What you have to do: Only one stretch of the data below is wanted: the lines starting at the one with "Tygklädsel. Sitt- och" and ending at the one with "Blue Cotton Long Sleeve Round Neck T-Shirt", both included, given again exactly.

(Material for the task Opens)

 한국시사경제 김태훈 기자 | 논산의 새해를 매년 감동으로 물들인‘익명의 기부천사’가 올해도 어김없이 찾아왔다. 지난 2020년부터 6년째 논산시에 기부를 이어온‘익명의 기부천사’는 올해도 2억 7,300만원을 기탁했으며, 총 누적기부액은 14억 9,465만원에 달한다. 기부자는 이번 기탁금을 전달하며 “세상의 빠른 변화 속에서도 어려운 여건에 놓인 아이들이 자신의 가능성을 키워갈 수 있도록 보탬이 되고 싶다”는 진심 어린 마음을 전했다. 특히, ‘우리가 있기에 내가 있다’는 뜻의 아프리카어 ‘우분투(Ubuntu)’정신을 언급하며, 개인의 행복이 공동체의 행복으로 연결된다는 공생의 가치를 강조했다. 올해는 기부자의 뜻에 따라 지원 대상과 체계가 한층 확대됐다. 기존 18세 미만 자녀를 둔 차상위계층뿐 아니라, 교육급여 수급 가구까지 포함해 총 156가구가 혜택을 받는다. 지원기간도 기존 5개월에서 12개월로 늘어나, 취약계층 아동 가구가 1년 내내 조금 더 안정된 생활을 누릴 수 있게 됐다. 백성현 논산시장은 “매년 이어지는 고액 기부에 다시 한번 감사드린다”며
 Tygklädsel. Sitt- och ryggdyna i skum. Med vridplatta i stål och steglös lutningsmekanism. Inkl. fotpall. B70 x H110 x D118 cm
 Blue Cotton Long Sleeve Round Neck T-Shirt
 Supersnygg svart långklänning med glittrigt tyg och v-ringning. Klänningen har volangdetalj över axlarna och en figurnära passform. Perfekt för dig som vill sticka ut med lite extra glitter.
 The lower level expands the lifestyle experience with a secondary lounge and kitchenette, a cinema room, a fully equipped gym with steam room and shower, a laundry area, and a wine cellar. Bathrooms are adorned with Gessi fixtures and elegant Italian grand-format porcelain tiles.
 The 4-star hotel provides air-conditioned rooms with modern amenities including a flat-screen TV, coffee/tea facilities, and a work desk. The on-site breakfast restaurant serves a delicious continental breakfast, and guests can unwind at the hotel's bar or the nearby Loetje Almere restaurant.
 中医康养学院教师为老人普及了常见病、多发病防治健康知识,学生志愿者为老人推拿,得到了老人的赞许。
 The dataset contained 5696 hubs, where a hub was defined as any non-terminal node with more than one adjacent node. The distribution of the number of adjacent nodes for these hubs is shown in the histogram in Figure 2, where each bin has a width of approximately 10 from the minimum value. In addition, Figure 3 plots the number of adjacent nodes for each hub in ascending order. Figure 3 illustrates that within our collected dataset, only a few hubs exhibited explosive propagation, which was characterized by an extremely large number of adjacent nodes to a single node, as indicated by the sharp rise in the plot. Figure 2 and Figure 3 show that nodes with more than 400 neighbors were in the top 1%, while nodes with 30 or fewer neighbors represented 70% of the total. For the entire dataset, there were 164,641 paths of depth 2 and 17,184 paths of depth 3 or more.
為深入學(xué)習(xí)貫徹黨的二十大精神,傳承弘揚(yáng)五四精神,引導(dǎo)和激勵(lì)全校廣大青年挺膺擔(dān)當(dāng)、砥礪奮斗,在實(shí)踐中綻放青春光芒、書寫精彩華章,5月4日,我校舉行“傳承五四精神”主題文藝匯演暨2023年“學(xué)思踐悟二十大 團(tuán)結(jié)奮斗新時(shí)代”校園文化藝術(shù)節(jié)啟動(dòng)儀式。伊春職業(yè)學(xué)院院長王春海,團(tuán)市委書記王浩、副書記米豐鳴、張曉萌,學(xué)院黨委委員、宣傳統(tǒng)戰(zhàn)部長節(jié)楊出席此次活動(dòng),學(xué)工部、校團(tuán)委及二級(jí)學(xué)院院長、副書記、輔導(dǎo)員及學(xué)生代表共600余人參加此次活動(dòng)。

(Material for the task Closes)

Exercise output:
 Tygklädsel. Sitt- och ryggdyna i skum. Med vridplatta i stål och steglös lutningsmekanism. Inkl. fotpall. B70 x H110 x D118 cm
 Blue Cotton Long Sleeve Round Neck T-Shirt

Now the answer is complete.